- **Provided data**:
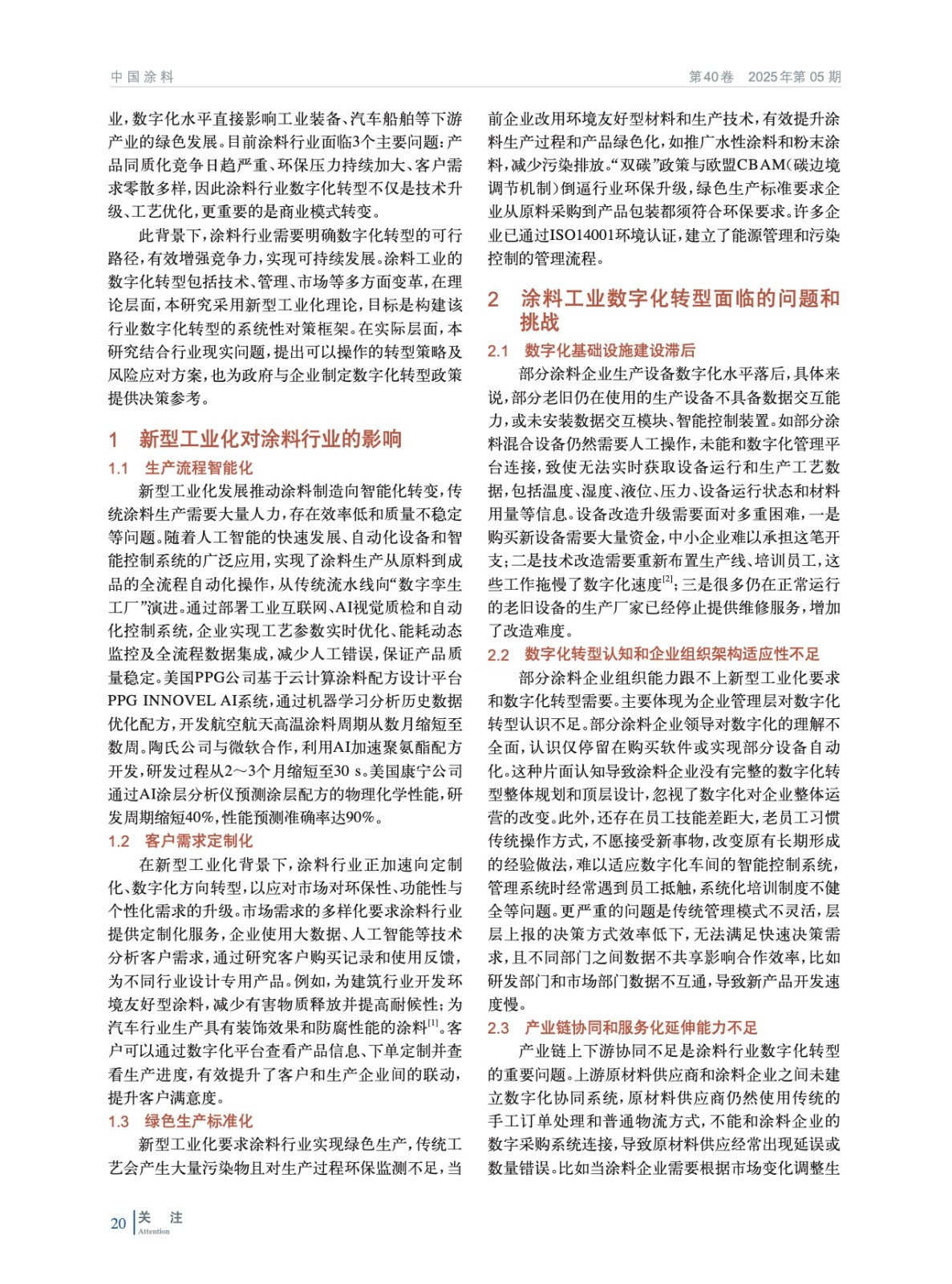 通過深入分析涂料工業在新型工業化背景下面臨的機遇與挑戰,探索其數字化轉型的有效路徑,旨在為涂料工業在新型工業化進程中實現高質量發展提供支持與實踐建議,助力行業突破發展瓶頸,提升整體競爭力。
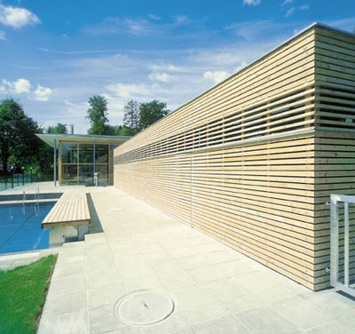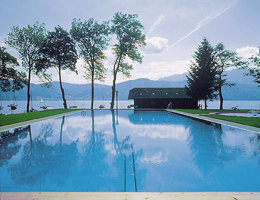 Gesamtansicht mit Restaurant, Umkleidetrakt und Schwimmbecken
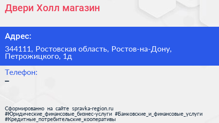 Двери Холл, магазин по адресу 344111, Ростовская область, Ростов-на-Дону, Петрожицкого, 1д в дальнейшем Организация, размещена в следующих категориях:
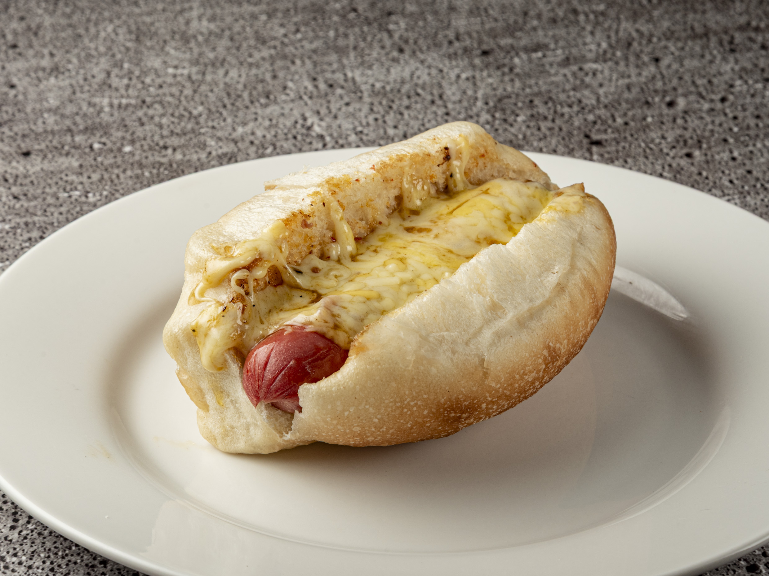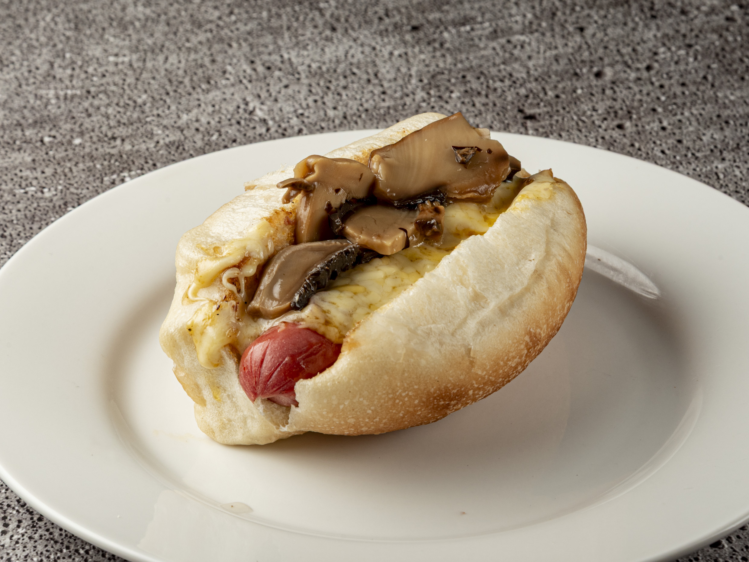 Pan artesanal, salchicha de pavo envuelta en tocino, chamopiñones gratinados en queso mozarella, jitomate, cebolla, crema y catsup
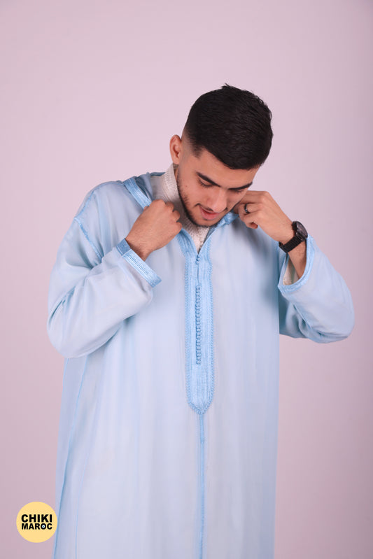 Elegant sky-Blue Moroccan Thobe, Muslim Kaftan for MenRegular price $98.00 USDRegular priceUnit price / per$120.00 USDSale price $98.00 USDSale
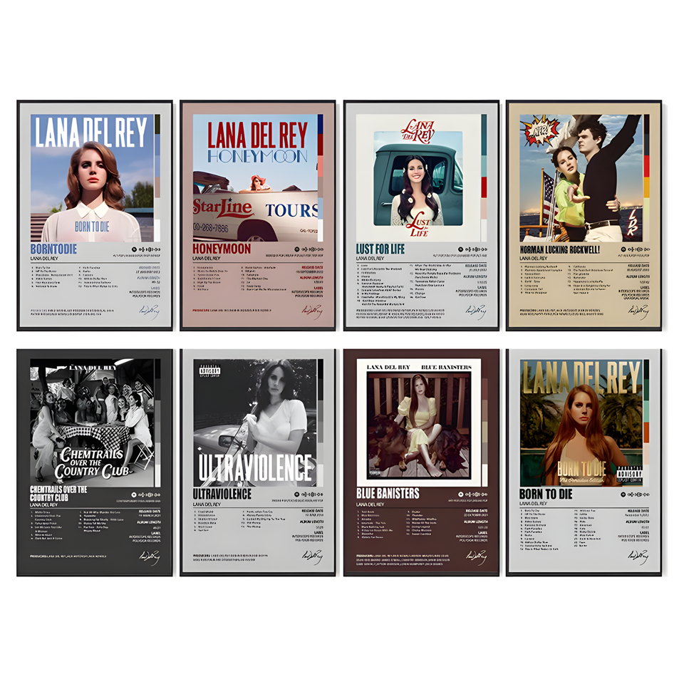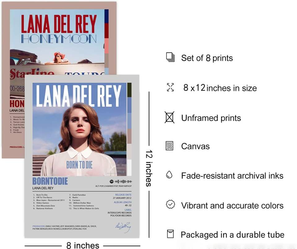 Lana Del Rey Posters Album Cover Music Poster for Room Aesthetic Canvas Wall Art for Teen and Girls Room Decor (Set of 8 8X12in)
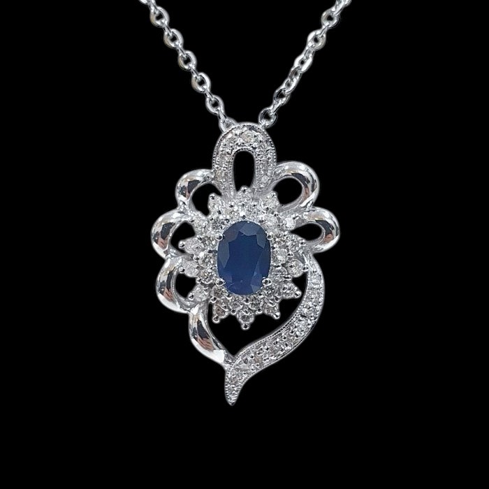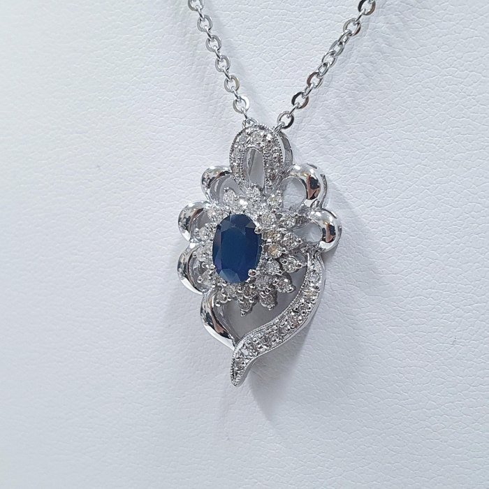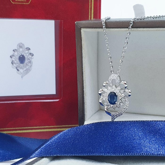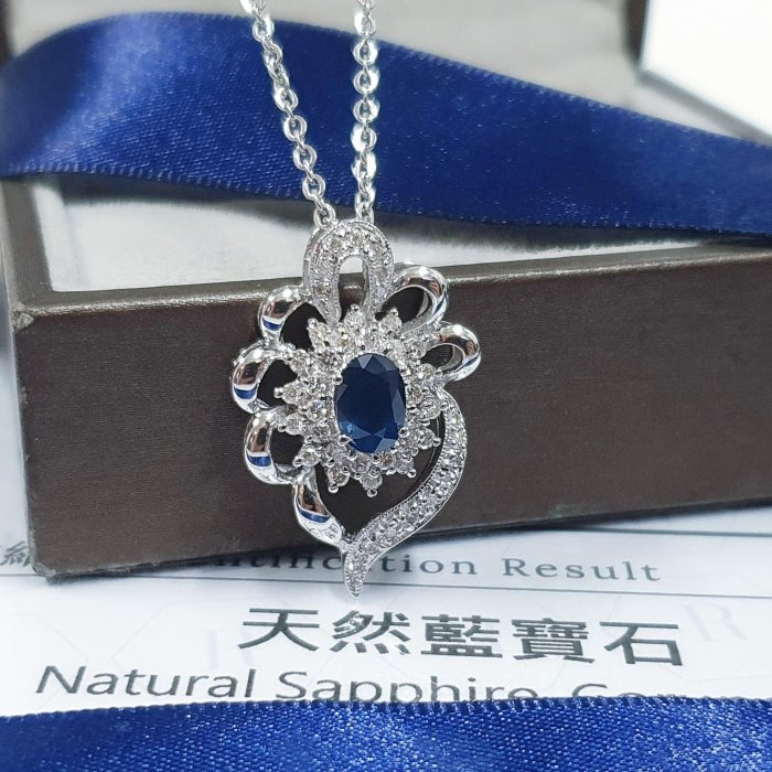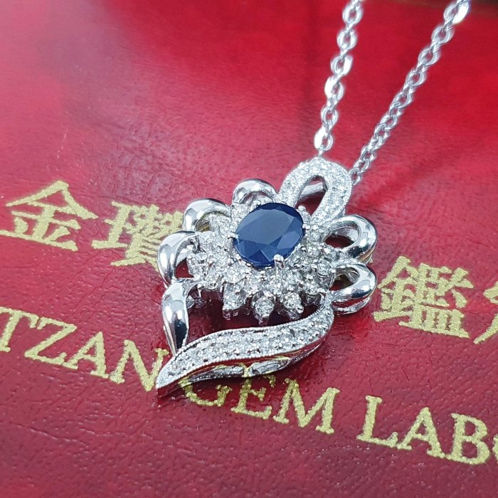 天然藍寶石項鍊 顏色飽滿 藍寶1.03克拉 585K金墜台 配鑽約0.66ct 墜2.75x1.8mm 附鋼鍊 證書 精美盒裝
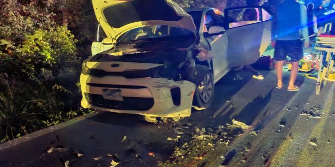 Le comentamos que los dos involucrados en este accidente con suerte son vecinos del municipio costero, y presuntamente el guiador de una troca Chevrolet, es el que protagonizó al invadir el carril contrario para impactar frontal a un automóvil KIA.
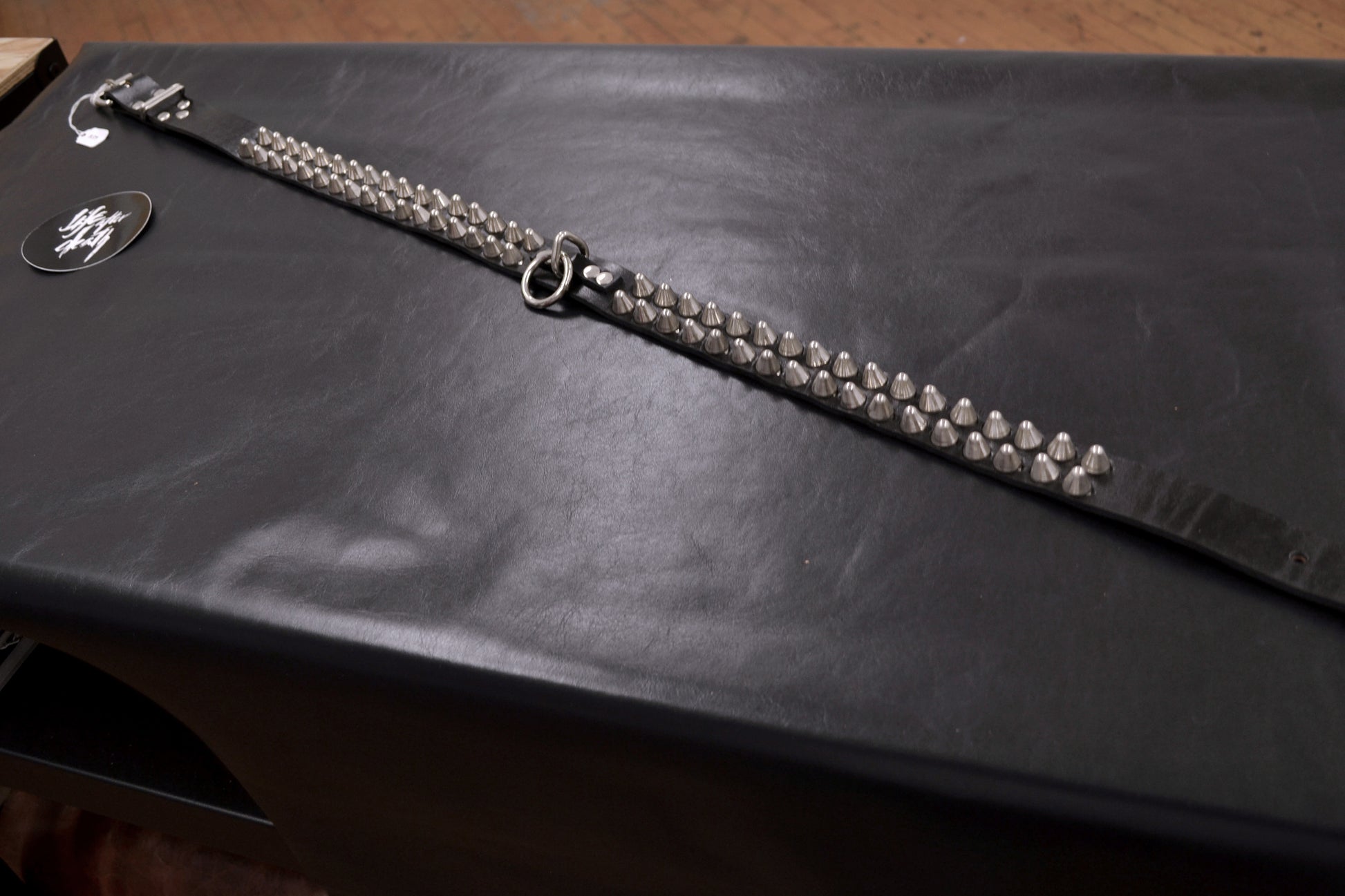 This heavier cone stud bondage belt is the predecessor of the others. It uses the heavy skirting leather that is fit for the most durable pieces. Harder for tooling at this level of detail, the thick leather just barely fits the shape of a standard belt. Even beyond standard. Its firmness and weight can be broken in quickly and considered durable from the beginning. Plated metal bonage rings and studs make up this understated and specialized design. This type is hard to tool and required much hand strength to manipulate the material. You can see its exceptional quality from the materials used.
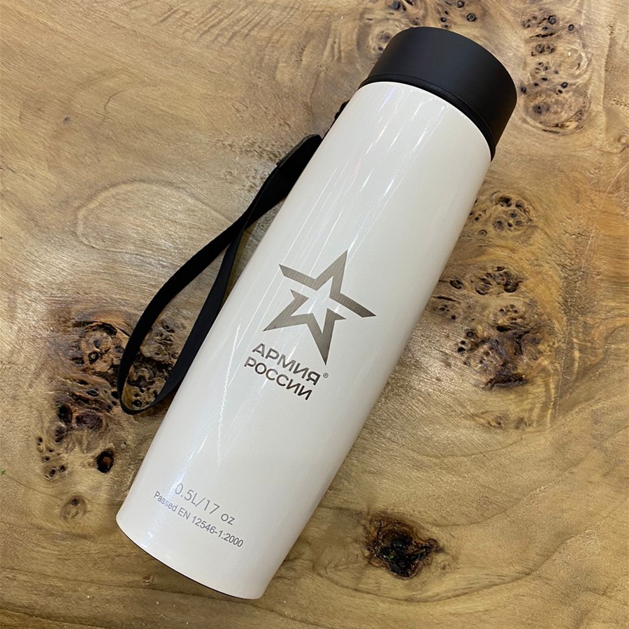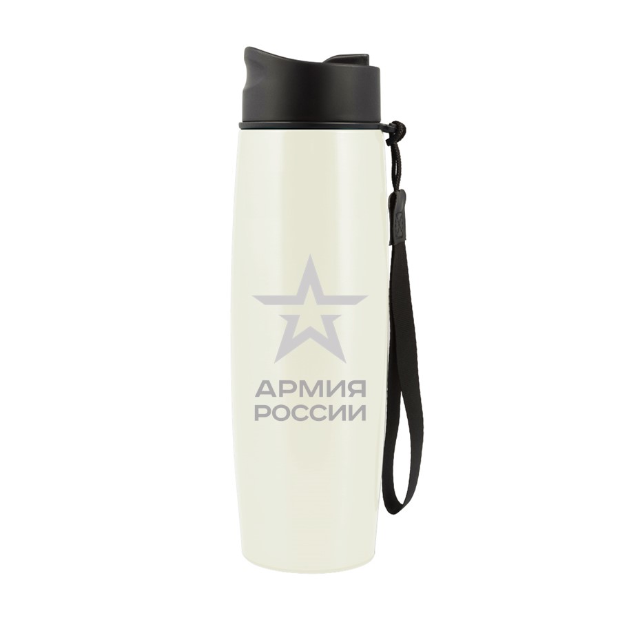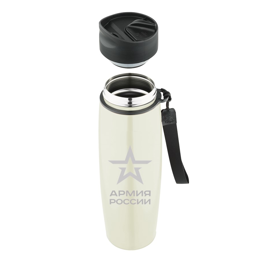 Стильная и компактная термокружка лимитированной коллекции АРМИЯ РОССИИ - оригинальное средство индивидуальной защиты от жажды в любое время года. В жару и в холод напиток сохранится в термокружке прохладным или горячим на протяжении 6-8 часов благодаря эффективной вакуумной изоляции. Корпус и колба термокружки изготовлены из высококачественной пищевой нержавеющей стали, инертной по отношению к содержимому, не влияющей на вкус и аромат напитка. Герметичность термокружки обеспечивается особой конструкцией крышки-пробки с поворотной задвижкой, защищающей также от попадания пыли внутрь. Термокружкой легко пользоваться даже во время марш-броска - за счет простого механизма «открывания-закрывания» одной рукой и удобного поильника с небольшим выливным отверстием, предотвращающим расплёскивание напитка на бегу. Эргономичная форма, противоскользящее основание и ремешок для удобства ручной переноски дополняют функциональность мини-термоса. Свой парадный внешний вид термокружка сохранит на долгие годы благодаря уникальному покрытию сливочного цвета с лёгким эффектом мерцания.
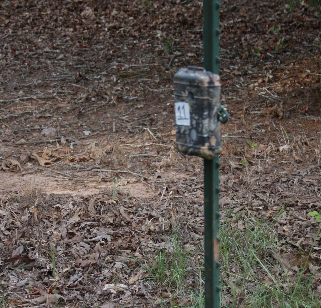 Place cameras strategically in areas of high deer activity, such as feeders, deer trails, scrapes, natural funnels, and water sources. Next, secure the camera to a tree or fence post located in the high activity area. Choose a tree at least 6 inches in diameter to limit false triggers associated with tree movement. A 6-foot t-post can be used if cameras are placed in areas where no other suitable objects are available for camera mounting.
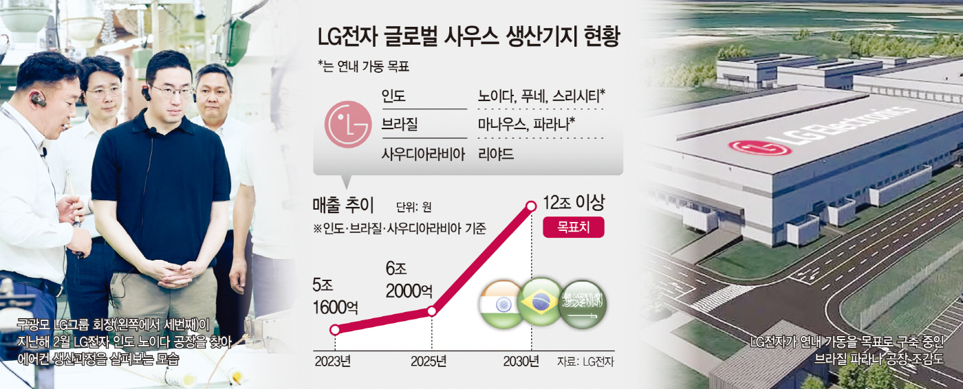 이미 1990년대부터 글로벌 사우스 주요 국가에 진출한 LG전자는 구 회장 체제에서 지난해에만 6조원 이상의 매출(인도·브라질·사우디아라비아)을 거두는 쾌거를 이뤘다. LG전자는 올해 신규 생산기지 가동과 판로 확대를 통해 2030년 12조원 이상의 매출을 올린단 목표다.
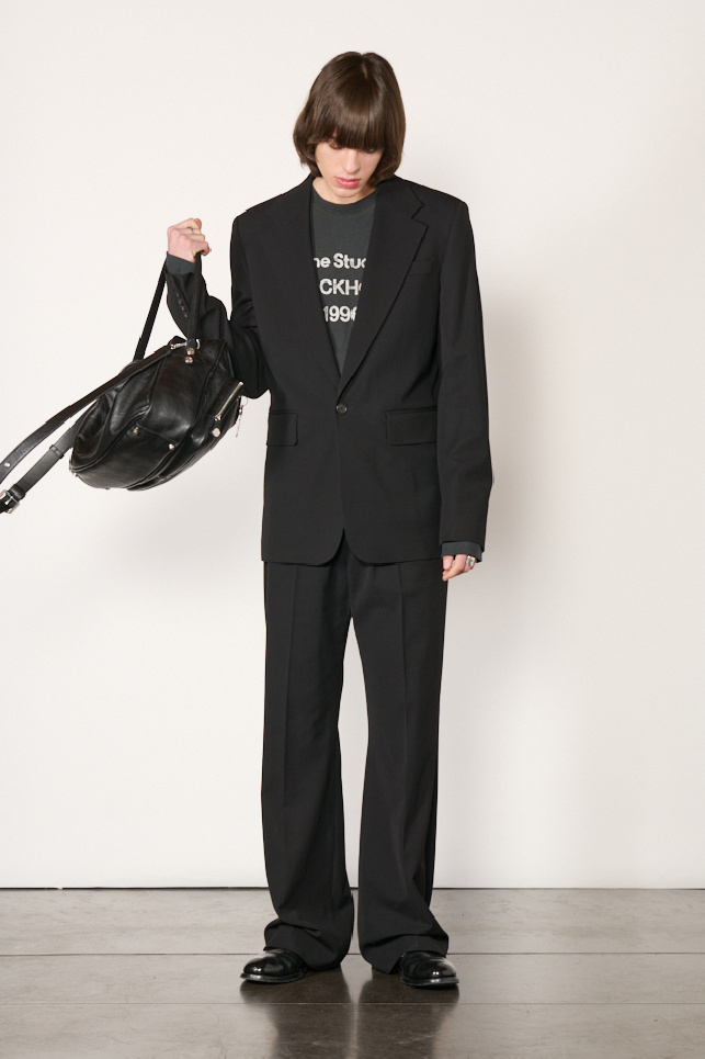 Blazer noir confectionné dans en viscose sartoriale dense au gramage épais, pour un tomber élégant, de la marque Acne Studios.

- **Exercise**:
Print exactly, with no pictures, the lines above from the one that holds "Elegant sky-Blue Moroccan" through the one that holds "Le comentamos que", both of them included.

- **Result of this task**:
 Elegant sky-Blue Moroccan Thobe, Muslim Kaftan for MenRegular price $98.00 USDRegular priceUnit price / per$120.00 USDSale price $98.00 USDSale
 Lana Del Rey Posters Album Cover Music Poster for Room Aesthetic Canvas Wall Art for Teen and Girls Room Decor (Set of 8 8X12in)
 天然藍寶石項鍊 顏色飽滿 藍寶1.03克拉 585K金墜台 配鑽約0.66ct 墜2.75x1.8mm 附鋼鍊 證書 精美盒裝
 Le comentamos que los dos involucrados en este accidente con suerte son vecinos del municipio costero, y presuntamente el guiador de una troca Chevrolet, es el que protagonizó al invadir el carril contrario para impactar frontal a un automóvil KIA.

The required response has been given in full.